Si bien no hay certeza de que las iniciativas de Obama vayan a sacar a su país de la profunda crisis que padece, de lo que no hay dudas es de que el nuevo presidente ha reaccionado con gran celeridad y ha logrado movilizar recursos en volúmenes inimaginables. Tampoco hay dudas de que el Gobierno de Obama impondrá profundos cambios al modelo socioeconómico que ha imperado en Estados Unidos durante décadas. El sector financiero será más estrechamente regulado, la seguridad social será fortalecida, la desigualdad económica combatida, el Estado pesará más en la economía y la lucha contra el calentamiento global, intensificada. De la misma manera que sus predecesores -especialmente George W. Bush- se excedieron en el peso que le dieron al mercado es casi seguro que Obama se exceda -en parte obligado por las circunstancias- en el peso que dará al Estado.

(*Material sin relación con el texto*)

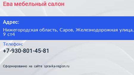 Ева, мебельный салон по адресу Нижегородская область, Саров, Железнодорожная улица, 9 ст4 в дальнейшем Организация, размещена в следующих категориях:

También sabemos que muchos de los remedios que se están utilizando tendrán efectos negativos más adelante: mayor inflación, por ejemplo.

Pero de lo que no hay duda es de que el nuevo presidente está dispuesto a usar todos los recursos de su país para reactivarlo tanto económica como social, tecnológica y políticamente. El éxito no está garantizado. El intento sí.


Fuente: El País.com
Autor: Moisés Naím. Venezolano, ex ministro de Industria y Comercio de Venezuela entre 1989 y 1990 y antiguo director ejecutivo del Banco Mundial. Director en jefe de la edición norteamericana de Foreign Policy y columnista de El País, Financial Times, Newsweek, Corriere della Sera, L'Espresso, TIME, Le Monde, Berliner Zeitung entre otras publicaciones.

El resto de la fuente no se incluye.